16:28:05 <hiro> how often do we write these operators? or do we print something in the logs?
16:28:14 <GeKo> irl[m]: that's part of the problem
16:28:22 <GeKo> hiro: we did that once so far :)
16:28:28 <GeKo> for 0.2.9 LTS
16:28:32 <gaba> once in a century :P
16:28:38 <GeKo> because it's a ton of work
16:28:43 <irl[m]> as a relay operator i've never read the logs of my relays once they've been set up
16:28:44 <ggus> we also wrote a blog post
16:28:47 <GeKo> and then we dropped the ball
16:28:52 <GeKo> right
16:29:00 <hiro> irl[m]: I didn't want to say that but I don't read my logs either
16:29:13 <arma2> backlog looks reasonable so far. i agree with geko that the ContactInfo-Information-Sharing-Specification needs more attention, maybe by the ux team, before we try to push it on everybody.
16:29:16 <irl[m]> i do check relay search, and make sure they've got reasonable consensus weight and bandwidth looks consistent
16:29:23 <GeKo> ggus: anyway, that's for you and us to think about
16:29:29 <GeKo> nothing to nail down today
16:29:41 <GeKo> but i want to get that done soonish(tm)
16:29:54 <ggus> soonish starting at the end of this month?
16:30:13 <GeKo> earlier i hope but not later :)
16:30:36 <GeKo> not done in the sense we are finally done
16:30:56 <GeKo> but in the sense we have something in the background we can act on and iterate on
16:31:03 <ggus> i'm very busy till august 18th, after that i can think about other big tasks
16:31:19 <GeKo> okay, sounds good and works for me
16:31:52 <GeKo> i'll keep thinking meanwhile a bit more for myself and we can pick this up in earnest after august 18th
16:31:56 <GeKo> sounds good?
16:32:03 <ggus> yes! perfect!
16:32:09 <GeKo> nice
16:32:35 <GeKo> do we have anything else to discuss for today?
16:33:16 <hiro> uhm I guess the overload metrics
16:33:16 <arma2> i will catch up with geko sometime later on whatever i missed here (am focusing on an anti-censorship team thing lately)
16:33:20 <hiro> just quickly
16:34:14 <GeKo> hiro: go ahead :)
16:35:02 <hiro> yeah so in the beginning I started with the idea to make a boolean out of the two overload fields in the bandwidth document in onionoo with the idea that we could display an amber dot only next to the bandwidth graph is the realy was overlaoded
16:35:47 <hiro> but discussing with irl[m] we came out with the idea that it would make sense to have it in the details document instead, which led to the problem of processing all the extrainfo descriptor in onionoo
16:36:27 <hiro> so now the consensus is to use the overload-general line in the server descriptor as a first step and then figure out how to process the extrainfo descriptors
16:36:55 <hiro> my understanding reading the code is that onionoo save it all in memory before writing it to disk... so that might be the issue?
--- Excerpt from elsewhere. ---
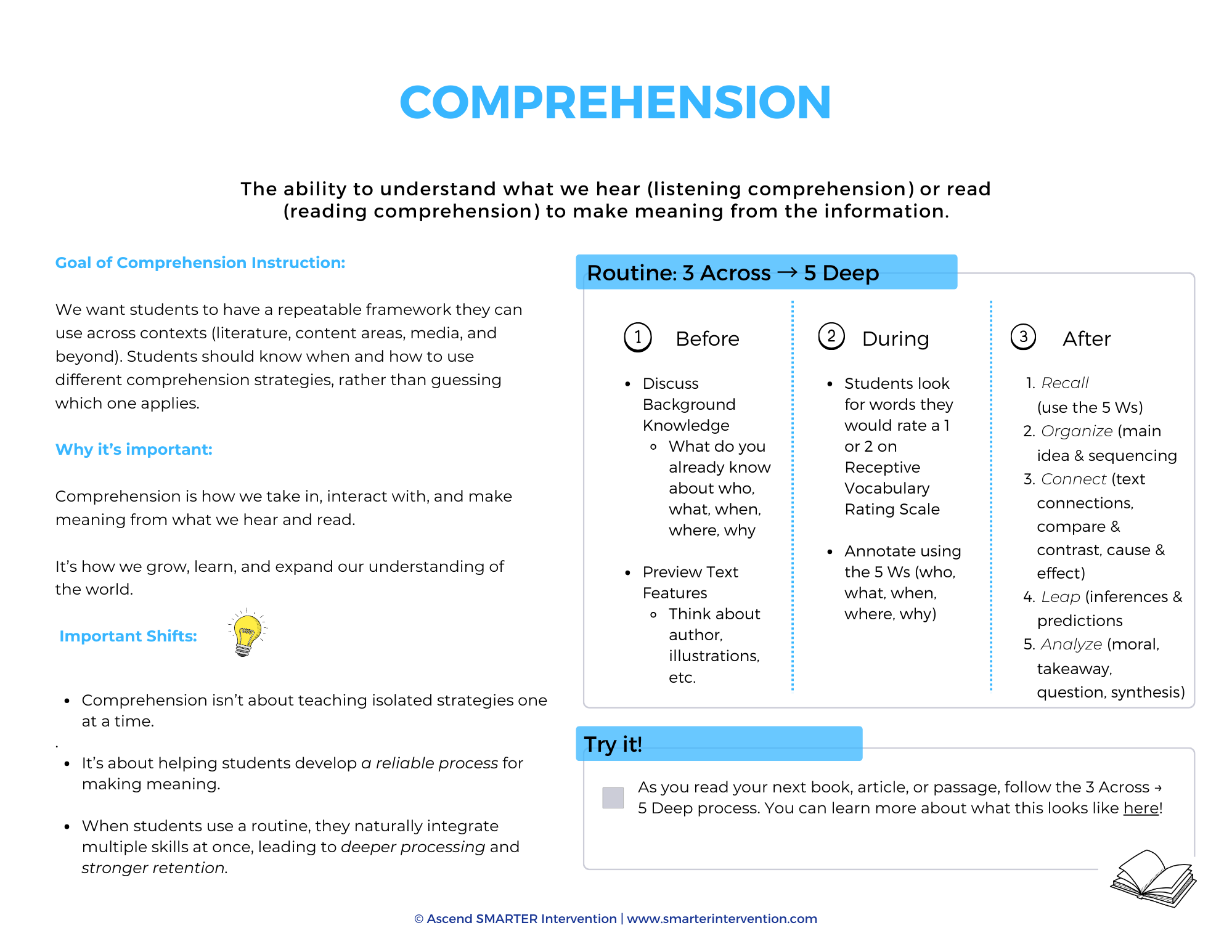 To help put this information into practice, we’ve made a FREE comprehension routine that you can use with any book, article, or passage. This routine will help students understand what they’re reading or hearing by using a repeatable framework that they can use across contexts. Try it now!

16:37:03 <hiro> please irl[m] let me know if I am missing something
16:37:42 <irl[m]> yes everything will be in memory before writing the json files to disk, but i don't think memory is the issue
16:38:30 <irl[m]> the problem we've had in the past is where things have taken a bit longer for some reason or another (a spike in relays, for example, meaning more descriptors need to be processed) and then onionoo hasn't finished its run before the next hour, and then the next hour runs and trashes the data
16:38:52 <hiro> ah I get it
16:38:55 <irl[m]> i don't recall if we ever added a lock to stop that happening, maybe we did, but then onionoo might end up updating every 2 hours rather than hourly
16:39:41 <irl[m]> onionoo's data is already a few hours old just with delays in the pipeline so delaying it another hour really should be avoided
16:40:07 <GeKo> yeah, sounds reasonable
16:40:11 <hiro> so running the update manually the first time is excluded
16:40:37 <GeKo> hiro: did you talk about the general handling of overload data on relay-search in some s61 meeting already?
16:40:53 <GeKo> if so, it might be worth bringing that up there
16:41:00 <hiro> not yet... s61 meeting is later
16:41:02 <GeKo> given that not all s61 people are here
16:41:05 <GeKo> yeah
16:42:21 <arma2> right, i was going to say, dgoulet and mike probably have opinions too
16:42:33 <hiro> ok so yeah I'll bring this up later
16:42:33 <GeKo> we can discuss the steps there but so far, as i commented on the ticket, starting with the overload-general one and thinking abuot the other ones later does not seem unreasonable to me
16:42:35 <arma2> but also, 'how to visualize it in atlas' is squarely a metrics thing and thus squarely a network health thing
16:43:04 <GeKo> yeah
16:43:19 <GeKo> okay, anything else for today?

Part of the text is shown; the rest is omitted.